Let \(D_5(x)=\dfrac{R_2(x)-\bar{G}_{4,3}(x,0)}{x^3}\) and \(D_6(x)=L_2(x)- \bar{G}_{3,3}(x,\dfrac{3 \sqrt{10}}{14})\). We have that \(D_6^{'}(x)=\dfrac{-371 x^2}{20 (x^2+1) (98+45 x^2)}\) and \(D_5^{'}(x)=\dfrac{- (5\pi -12)(\pi x^2+\pi -4)}{4 \pi (x^2+1)}\) has a unique simple root \(x_5 = \sqrt{\dfrac{4-\pi }{\pi }}\) within (0, 1), such that

$$\begin{aligned} \begin{array}{ll} D_5^{'}(x)>0, ~x \in (0,x_5) ~~\text{ and } ~~D_5^{'}(x)<0, ~x \in (x_5,1), \\ D_5(x)>D_5(0)=0 ~x \in (0,x_5] ~~\text{ and } ~~D_5(x)>D_5(1)=0, ~x \in (x_5,1), \\ D_6^{'}(x)<0 ~~\text{ and }~~D_6(x)<D_6(0)=0, ~~x \in (0,1), \end{array} \end{aligned}$$

which leads to

$$\begin{aligned} R_2(x)>\bar{G}_{4,3}(x,0)>f_2(x)>\bar{G}_{3,3}\left( x,\dfrac{3 \sqrt{10}}{14}\right) >L_2(x),~~ x \in (0,1). \end{aligned}$$

(32)

From Eqs. (31) and (32), both Eqs. (12) and (13) achieve better approximation effect than those of Eqs. (6) and (7), see also the error plots shown in Fig. 1.

Finally, we have tested the errors for approximating the integral of \(f_i(x)\) by using the bounds in Eqs. (6, 7) and (12–14).
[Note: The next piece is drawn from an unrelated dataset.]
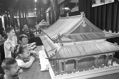 5月27日,江苏省南通市港闸区唐闸镇街道西洋桥社区辖区青少年、流动儿童参观留韵金丝楠木艺术馆展出的金丝楠木古建筑模型。当日,社区组织辖区青少年、流动儿童参观留韵金丝楠木艺术馆和车间,让孩子们体验工匠精神。许丛军 摄/视觉中国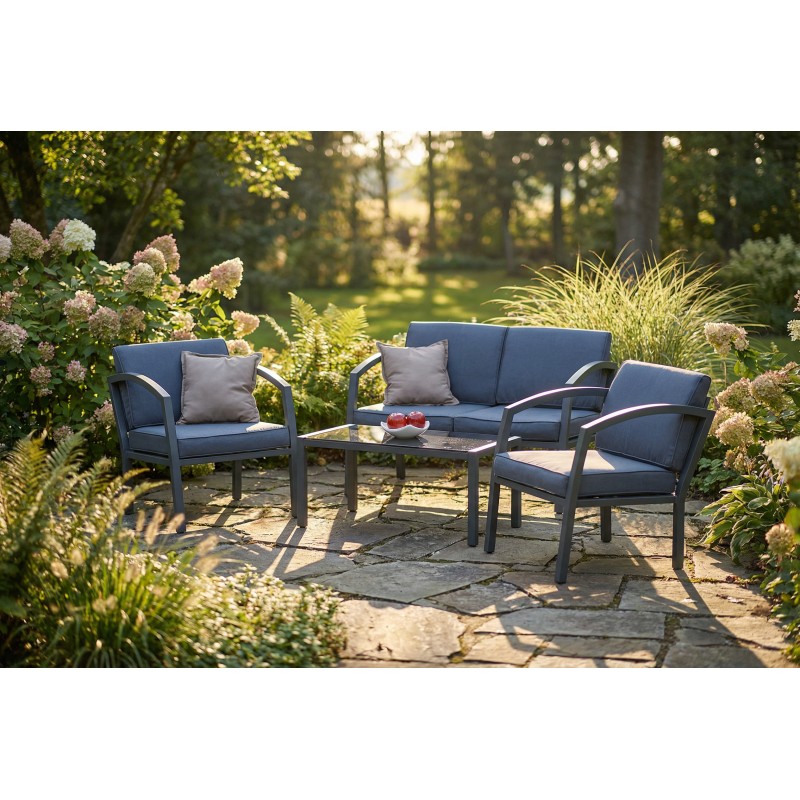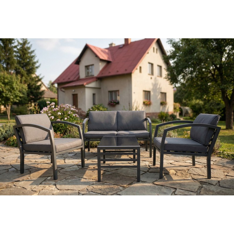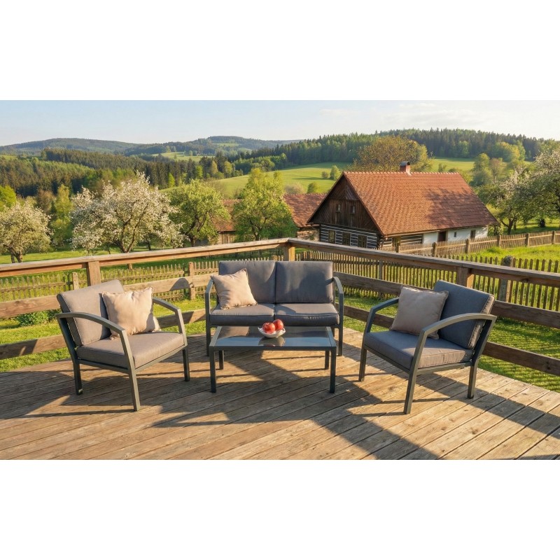 Kvalitní a stabilní hliníková konstrukce v antracitové barvě je kombinována s odolnými polyesterovými sedáky a nadýchanými opěrnými polštáři, které nabízí maximální pohodlí. Polstry jsou vybaveny zipy, což umožňuje je jednoduše vyjmout a vyprat. Set tvoří dvoumístná pohovka, dvě křesla a stolek se skleněnou deskou.

Table 1 shows that the approximation errors from (12–14) are much better than those of Eqs. (6, 7).

Table 1 Errors for approximating the integral of \(f_i(x)\) from different bounds

As for future work, there is still great scope for further development. In principle, more forms of the two-parameter functions, or even three-parameter functions, can be used for sharpening the bounds of Wilker and Huygens type inequalities. On the other hand, the idea can be extended for more other types of inequalities.